WIR DÜRFEN HOFFEN, dass der Winter 2020/21 für lange Zeit der letzte „Pandemiewinter“ bleiben wird. Doch welche alpine Normalität erwartet uns nach dieser Ausnahmesituation? Eine Tatsache ist wohl unbestritten: Nach Corona ist nicht vor Corona. Was sich im alpinen Tourismus verändern wird, kann in fünf Thesen zu Gästebedürfnissen und fünf Handlungsfeldern für Bergbahnen und Destinationen zusammengefasst werden:


These 1: Erhöhtes Sicherheitsbedürfnis und erhöhte Hygienestandards werden für längere Zeit bleiben. Unabhängig vom Erfolg der Impfungen und der damit verbundenen Herdenimmunität wird der Gast für lange Zeit ein höheres Sicherheitsbedürfnis haben. Für einen Großteil werden Abstand halten können, mehr Platz in den Kabinen und Sauberkeit zu klaren Muss-Kriterien.

These 2: Back to the roots! – Der wertvolle heimische Markt. Der eingeschränkte Bewegungsradius tat und tut dem Urlaubsbedürfnis keinen Abbruch. Sehr viele Gäste haben die heimische (Berg!)-Welt als Naherholungs- und Urlaubsziel wieder kennen und schätzen gelernt. Viele Bergbahnen haben – zumindest im Sommer – von dieser Wiederentdeckung profitiert. Das Gute und Schöne liegt nahe – auch in den nächsten Jahren.

These 3: Der große Wert von sozialen Kontakten und spontanen Treffen. Unsere sozialen Kontakte wurde gekappt, die Pandemie schränkt uns deutlich ein. Der große Wert, unbeschwert gemeinsam Erlebnisse teilen zu können, wird für eine Weile einen großen Stellenwert haben. Schon vor der Pandemie zeigten sich Entwicklungen, welche sich nicht aufhalten ließen und bald wieder im Vordergrund stehen werden.
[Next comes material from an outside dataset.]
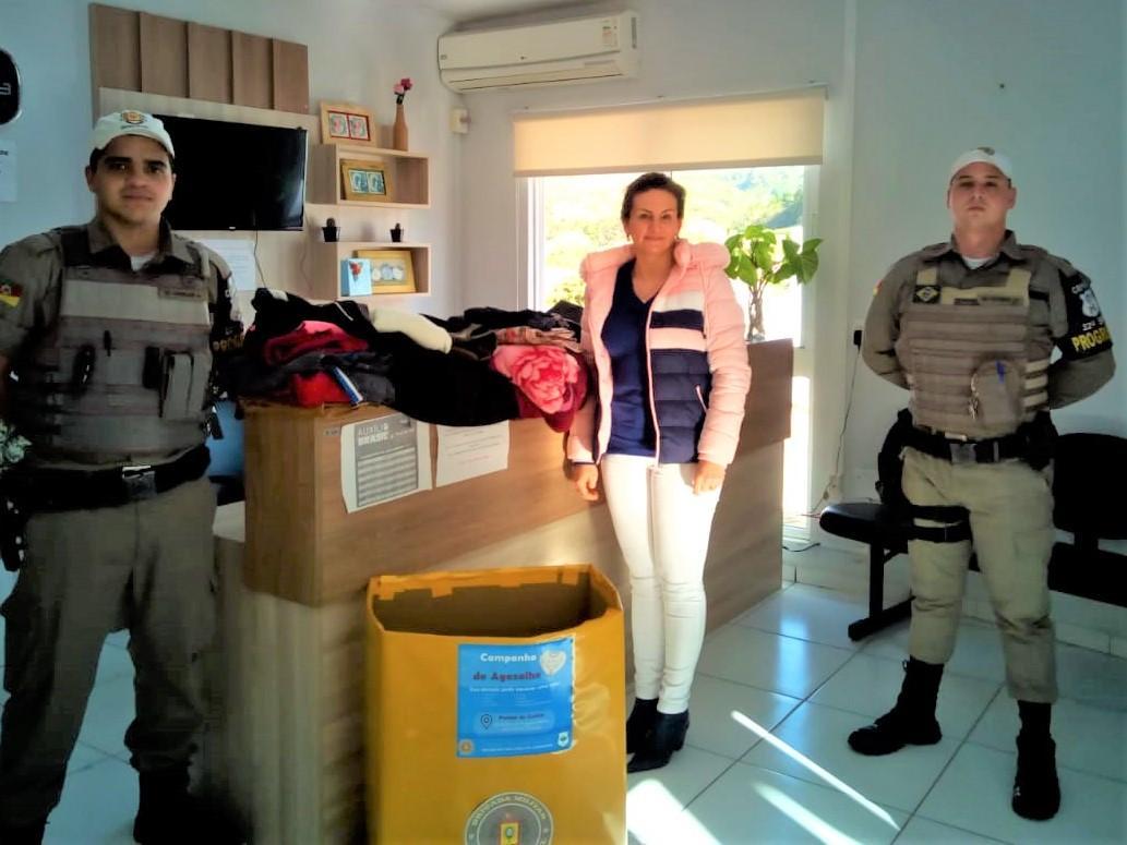 A Secretaria de Assistência Social e Cidadania recebeu novamente doações de agasalhos recolhidos pela Brigada Militar do Município através do tenente Everton Oliveira.

These 4: Steigendes Bedürfnis nach Natur und Naturerlebnissen. Sport im alpinen Raum, in der Nähe zum Wohnort, erfreute sich schon vor Corona steigender Beliebtheit. Wandern, Biken, Langlauf, Winterwandern, Schneeschuhlaufen und Skitouren bleiben wachsende Segmente. Das Einfache, Rustikale, bisweilen Einsame eines Naturerlebnisses bleibt als Kontrast zum grauen und überfüllten Alltag im Trend.

These 5: Ökologie und Nachhaltigkeit. Die Forderung nach ökologischen Standards und nachhaltigen Betriebsstrukturen nehmen zu. Unabhängig von den tatsächlichen klimatischen Entwicklungen bleibt der alpine Tourismus im Fokus und muss sich für ein durchgängig umweltverträgliches Gasterlebnis engagieren.



HANDLUNGSFELDER FÜR BERGBAHNEN UND DESTINATIONEN

Bergbahnen und alpine Destinationen müssen ihr Angebot hinsichtlich der veränderten Bedürfnisse ausbauen und positionieren. Fünf Handlungsfelder:

1. Digitalisierung ist wichtiger denn je:

Es gilt die Möglichkeiten der Digitalisierung am Berg für ein reibungsloses Gästeerlebnis konsequent zu nutzen. Mittels kontaktlosem Ticketkauf und Gästestromanalysen in real-time können Besucher gelenkt und Menschenansammlungen verhindert werden.

2. Crowd-Management weiter ausbauen:

Gäste wollen nicht mehr in großen Menschentrauben anstehen müssen. Eine entspannte Gästelenkung, wie sie viele Skigebiete diesen Winter entwickelt haben, sollte sich als Standard etablieren. Die geordnete Befüllung, Gästeverteilung und Entleerung eines Skigebietes wird zum Qualitätsmerkmal. Wer dem Gast ein Erlebnis ohne Gedränge bieten wird, kann sich differenzieren.

3. Betriebswirtschaftliche Stabilität:

Die Pandemie zeigt leider eindrücklich die Abhängigkeit ganzer Regionen vom Betrieb einer Bergbahn. Die betriebswirtschaftliche Stabilität, inklusive notwendiger finanzieller Reserven, ist ein Grundpfeiler für die Planbarkeit der regionalwirtschaftlichen Entwicklung von alpinen Destinationen.

4. Kooperation von Leistungsträgern:

Gutes Crowd-Management beginnt nicht erst am Parkplatz der Bergbahn, sondern sobald der Gast sich informiert. Schnittstellen, wie die Ankunft am Bahnhof und die Weiterfahrt mit dem örtlichen Bus, müssen ebenso proaktiv gemanagt werden wie der Sammelplatz einer Skischule. Heute etablierte Task-Forces können auch weiter Bestand haben.

5. Ökologie und Nachhaltigkeit:

Die Pandemie hat uns gelehrt, in einer sehr schwierigen Situation rasch umsetzbare Konzepte zu erarbeiten. Im ersten Moment dachte man häufig „unmöglich!“, doch siehe da, das Unmögliche wurde möglich. Selbiges kann für die Herausforderungen und deren Lösungen im Bereich Ökologie und Nachhaltigkeit gelten. Kreativität und mutige Konzepte sind gefragt.